Your copy should match the listing below exactly, except that it holds no images.

Exercise data section start

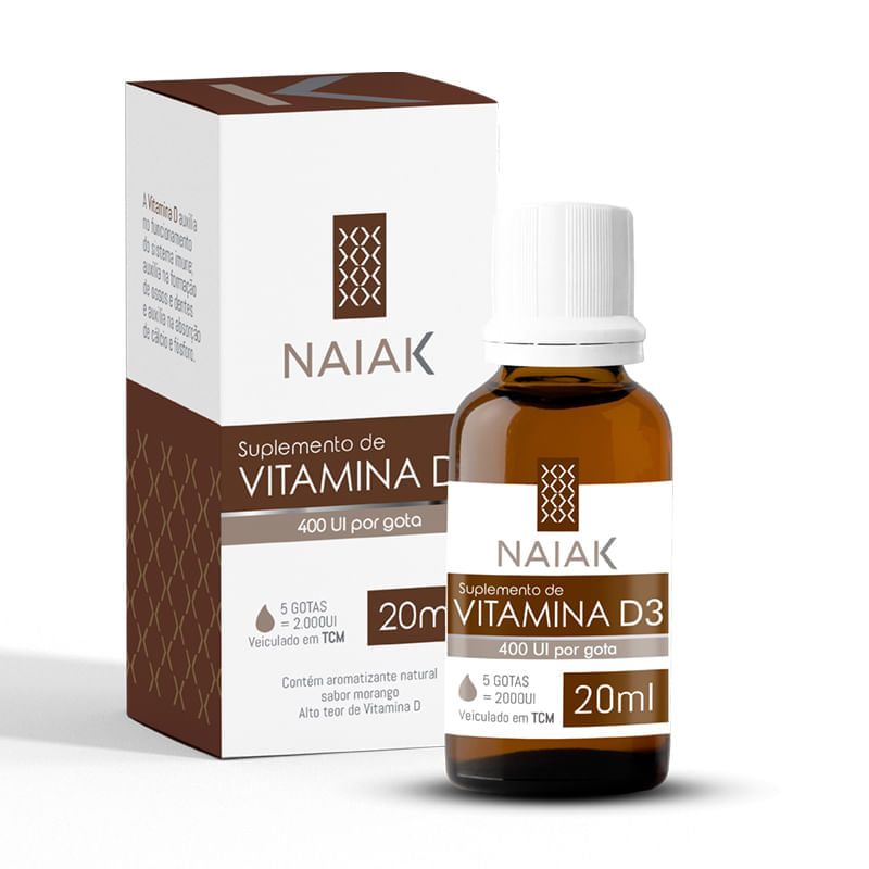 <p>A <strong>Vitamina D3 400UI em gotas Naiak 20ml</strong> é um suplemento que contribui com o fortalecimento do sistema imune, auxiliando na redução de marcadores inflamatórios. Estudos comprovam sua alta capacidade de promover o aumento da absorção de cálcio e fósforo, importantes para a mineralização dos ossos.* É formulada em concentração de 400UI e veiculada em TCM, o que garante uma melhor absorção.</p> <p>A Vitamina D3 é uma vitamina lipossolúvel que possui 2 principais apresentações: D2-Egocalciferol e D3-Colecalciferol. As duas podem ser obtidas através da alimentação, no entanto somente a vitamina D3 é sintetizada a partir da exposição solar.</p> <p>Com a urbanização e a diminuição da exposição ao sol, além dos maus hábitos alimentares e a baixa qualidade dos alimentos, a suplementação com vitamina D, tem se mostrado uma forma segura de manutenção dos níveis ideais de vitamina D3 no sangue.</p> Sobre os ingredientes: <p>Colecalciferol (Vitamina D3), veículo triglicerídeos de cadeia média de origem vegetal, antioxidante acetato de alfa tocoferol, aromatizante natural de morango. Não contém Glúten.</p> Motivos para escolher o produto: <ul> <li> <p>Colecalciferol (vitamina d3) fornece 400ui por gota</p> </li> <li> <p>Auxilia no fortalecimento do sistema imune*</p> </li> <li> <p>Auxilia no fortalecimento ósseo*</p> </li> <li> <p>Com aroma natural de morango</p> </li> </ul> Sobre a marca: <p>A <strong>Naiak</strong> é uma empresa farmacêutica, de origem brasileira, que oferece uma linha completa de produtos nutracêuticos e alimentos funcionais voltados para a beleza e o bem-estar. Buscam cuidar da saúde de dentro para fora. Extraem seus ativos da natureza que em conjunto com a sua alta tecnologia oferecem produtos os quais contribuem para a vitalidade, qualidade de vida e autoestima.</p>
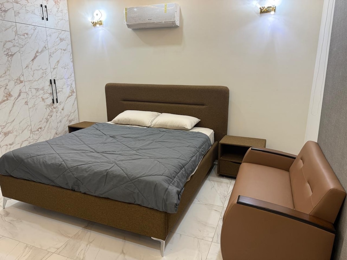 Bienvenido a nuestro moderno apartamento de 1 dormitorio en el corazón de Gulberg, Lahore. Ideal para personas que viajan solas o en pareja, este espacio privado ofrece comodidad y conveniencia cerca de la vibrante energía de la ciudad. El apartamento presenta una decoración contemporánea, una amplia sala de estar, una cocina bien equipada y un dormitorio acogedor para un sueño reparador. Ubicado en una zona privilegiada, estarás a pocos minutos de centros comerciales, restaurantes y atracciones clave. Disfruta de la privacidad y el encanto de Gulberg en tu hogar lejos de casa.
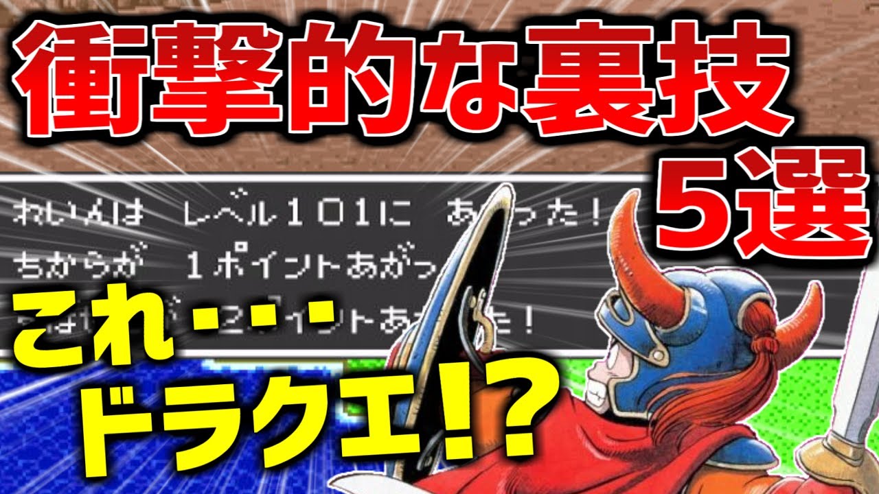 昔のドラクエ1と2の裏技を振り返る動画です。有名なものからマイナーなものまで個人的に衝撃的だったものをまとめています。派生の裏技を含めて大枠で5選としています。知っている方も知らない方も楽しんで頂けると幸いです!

Exercise data section end

* _Response to the exercise_
 <p>A <strong>Vitamina D3 400UI em gotas Naiak 20ml</strong> é um suplemento que contribui com o fortalecimento do sistema imune, auxiliando na redução de marcadores inflamatórios. Estudos comprovam sua alta capacidade de promover o aumento da absorção de cálcio e fósforo, importantes para a mineralização dos ossos.* É formulada em concentração de 400UI e veiculada em TCM, o que garante uma melhor absorção.</p> <p>A Vitamina D3 é uma vitamina lipossolúvel que possui 2 principais apresentações: D2-Egocalciferol e D3-Colecalciferol. As duas podem ser obtidas através da alimentação, no entanto somente a vitamina D3 é sintetizada a partir da exposição solar.</p> <p>Com a urbanização e a diminuição da exposição ao sol, além dos maus hábitos alimentares e a baixa qualidade dos alimentos, a suplementação com vitamina D, tem se mostrado uma forma segura de manutenção dos níveis ideais de vitamina D3 no sangue.</p> Sobre os ingredientes: <p>Colecalciferol (Vitamina D3), veículo triglicerídeos de cadeia média de origem vegetal, antioxidante acetato de alfa tocoferol, aromatizante natural de morango. Não contém Glúten.</p> Motivos para escolher o produto: <ul> <li> <p>Colecalciferol (vitamina d3) fornece 400ui por gota</p> </li> <li> <p>Auxilia no fortalecimento do sistema imune*</p> </li> <li> <p>Auxilia no fortalecimento ósseo*</p> </li> <li> <p>Com aroma natural de morango</p> </li> </ul> Sobre a marca: <p>A <strong>Naiak</strong> é uma empresa farmacêutica, de origem brasileira, que oferece uma linha completa de produtos nutracêuticos e alimentos funcionais voltados para a beleza e o bem-estar. Buscam cuidar da saúde de dentro para fora. Extraem seus ativos da natureza que em conjunto com a sua alta tecnologia oferecem produtos os quais contribuem para a vitalidade, qualidade de vida e autoestima.</p>
 Bienvenido a nuestro moderno apartamento de 1 dormitorio en el corazón de Gulberg, Lahore. Ideal para personas que viajan solas o en pareja, este espacio privado ofrece comodidad y conveniencia cerca de la vibrante energía de la ciudad. El apartamento presenta una decoración contemporánea, una amplia sala de estar, una cocina bien equipada y un dormitorio acogedor para un sueño reparador. Ubicado en una zona privilegiada, estarás a pocos minutos de centros comerciales, restaurantes y atracciones clave. Disfruta de la privacidad y el encanto de Gulberg en tu hogar lejos de casa.
 昔のドラクエ1と2の裏技を振り返る動画です。有名なものからマイナーなものまで個人的に衝撃的だったものをまとめています。派生の裏技を含めて大枠で5選としています。知っている方も知らない方も楽しんで頂けると幸いです!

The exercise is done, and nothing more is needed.